Five individuals are cited specifically: the director of the department, Ronald Beard; the assistant director; the MSC catering and cafeteria managers; and the Alumni Center catering manager.
Among the problems of note as stated in the audit:
- The catering managers allowed employees to use university equipment (dishes, flatware, linens, etc.) for personal use.
- Employees were allowed to purchase food at a discount, but there was no written authorization, nor was there an established discount amount.
- A van used by the alumni center catering unit was ticketed in Houston in July 2004, but the department was unable to determine who drove the van.

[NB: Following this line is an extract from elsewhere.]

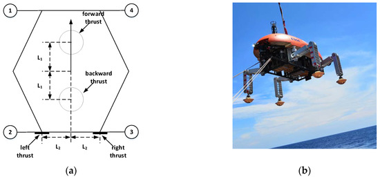 The underwater robot: (a) the thruster layout; (b) the physical prototype.
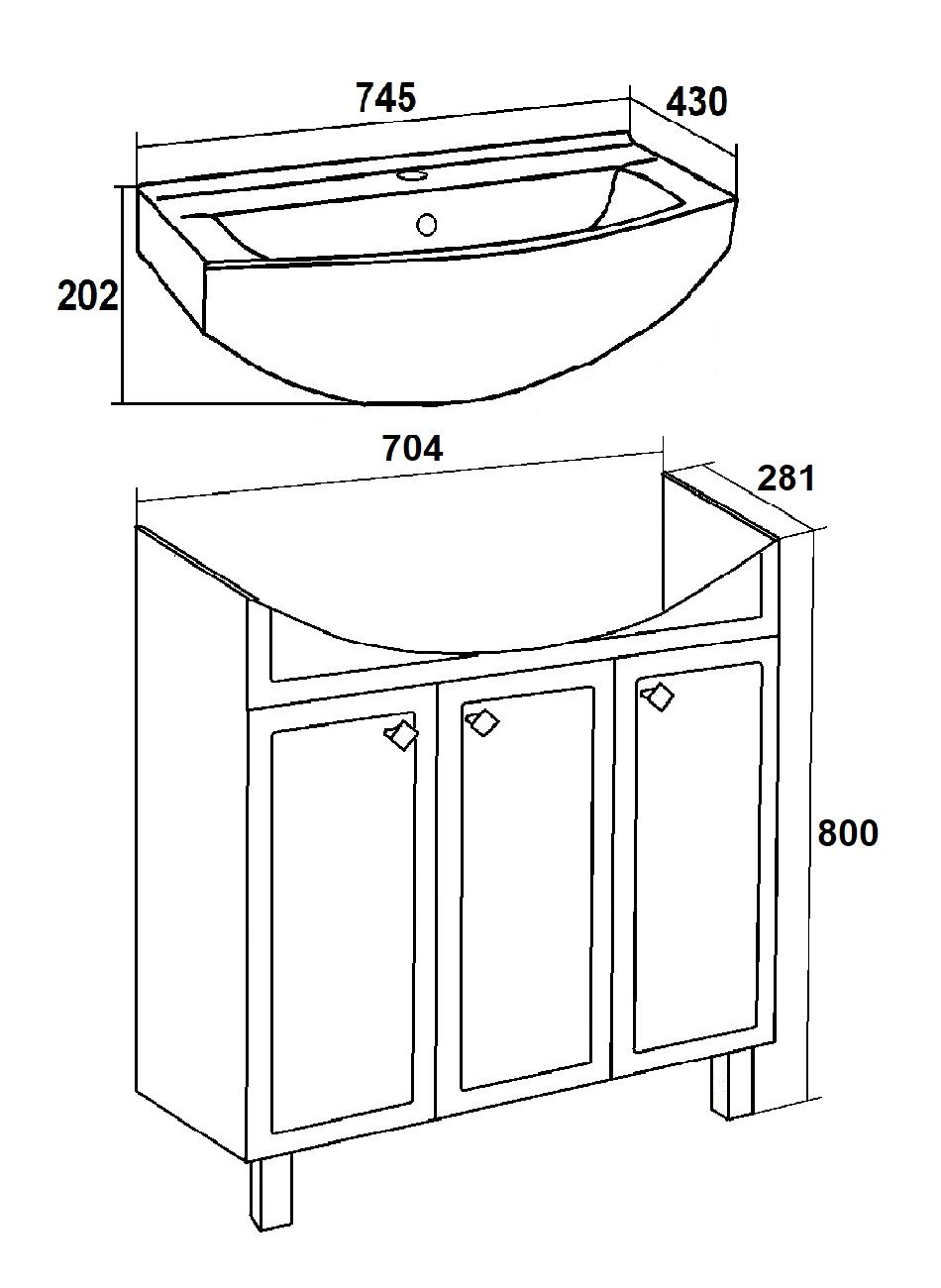 Тумба с раковиной RUNO РИМИНИ - выполнена в стиле Прованс. Тепло и уют домашнего очага, очарование старины и элегантность, а также продуманный функционал помогут украсить интерьер любой ванной комнаты. Тумба под раковину РИМИНИ (напольная) имеет три распашные дверцы. Оснащена - двумя внутренними полками. В комплекте входят - петли со встроенным доводчиком, 3 ручки, 4 ножки. Тумба комплектуется керамической раковиной "Best 75" (745*430 мм), глубиной 20,2 см. Мебель для ванной RUNO - красота и практичность в мелочах!

- Pornographic e-mails were found in the assistant director's inbox from November 2004, as well as e-mails for church business written and read during work hours, both violations of system policy.
- Partially consumed bottles of alcohol were found in the cabinet of the assistant director.
- In spite of a $3 million loss for the department since 2001, including $1 million of that in catering, Beard approved nearly 300-thousand dollars of free catering over the last 18 months.
- Two employees of the alumni center catering unit were found to have excessive amounts of overtime, including one with $11,000 in OT on a budgeted salary of $25,000.
"When you work with people, you try to make sure they know what's right and wrong and try to follow the right procedures," Powell said.
Sam Rowland, the attorney for Beard and several food services employees terminated in July, refused an on-camera or taped phone interview, but made a number of assertions.
In reference to the audit, Rowland called it a memorandum full of speculation and void of evidence. He said problems revealed in an audit done back in March were corrected by Beard. He also said Beard had been described as an exemplary head of the department in memos. Rowland also said those fired employees have never received reasons for their terminations, only that there was cause for their firings. If the university cannot provide concrete reasons, a lawsuit may be an option, he said.